A couple of recent reports from the utility industry are, to say the least, extremely skeptical.
In September, the Electric Power Research Institute, the research arm of the U.S. electric utility industry, released a report titled Net-Zero 2050 U.S. Economy Wide Deep Decarbonization Scenario Analysis.
The EPRI report concludes that the utility industry cannot attain net zero. This study shows that clean electricity plus direct electrification and efficiency . . . are not sufficient by themselves to achieve net-zero economy-wide emissions.
In other words, no amount of wind turbines, solar panels, hydropower, nuclear power, battery power, electrification of fossil fuel technologies or energy efficiency technologies will get us to net zero by 2050.

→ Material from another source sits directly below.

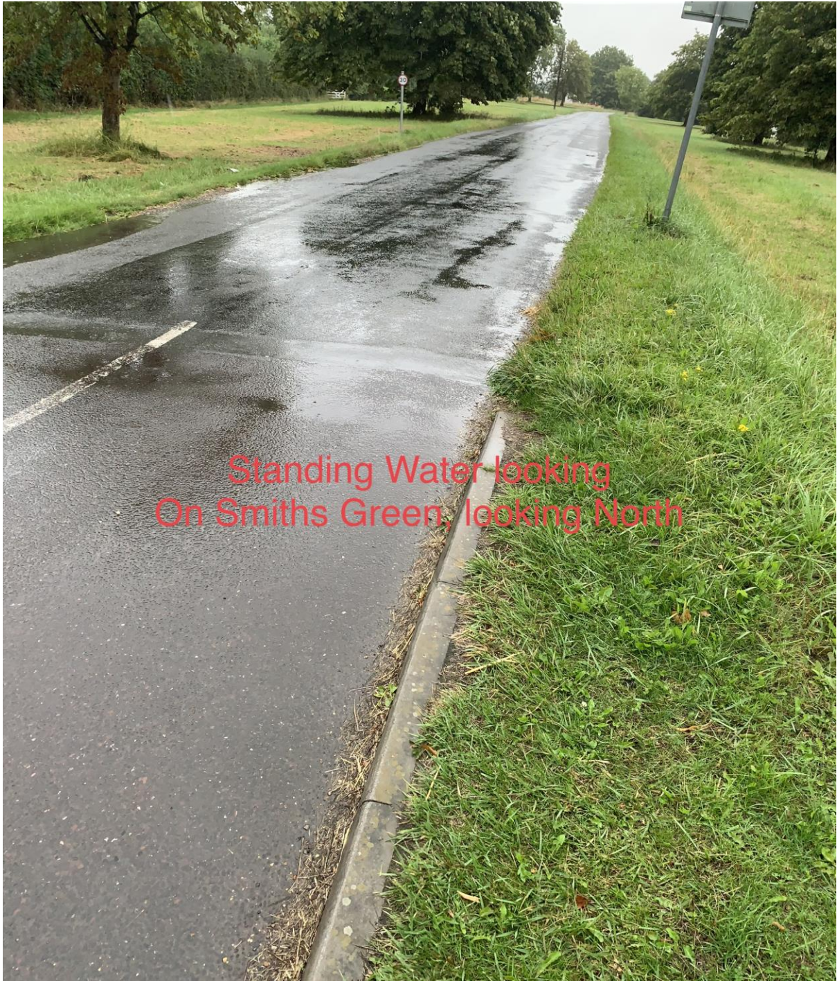
Standing Water looking On Smiths Green, looking North

The other recent report is 2022 Long-Term Reliability Assessment from the North American Electric Reliability Corp., a government certified grid reliability and standard-setting group. NERC concluded that fossil-fuel plants are being removed from the grid too fast to meet continuing electricity demand, and that is putting most of the country at risk of grid failure and blackouts during extreme weather.
The U.S. just got another taste of this during the Christmas electric-grid emergency.
So there you have it: We are dangerously dismantling our electric grid while burdening it with more demand in hope of attaining the goal of net zero by 2050, which the utility industry has admitted is a fantasy.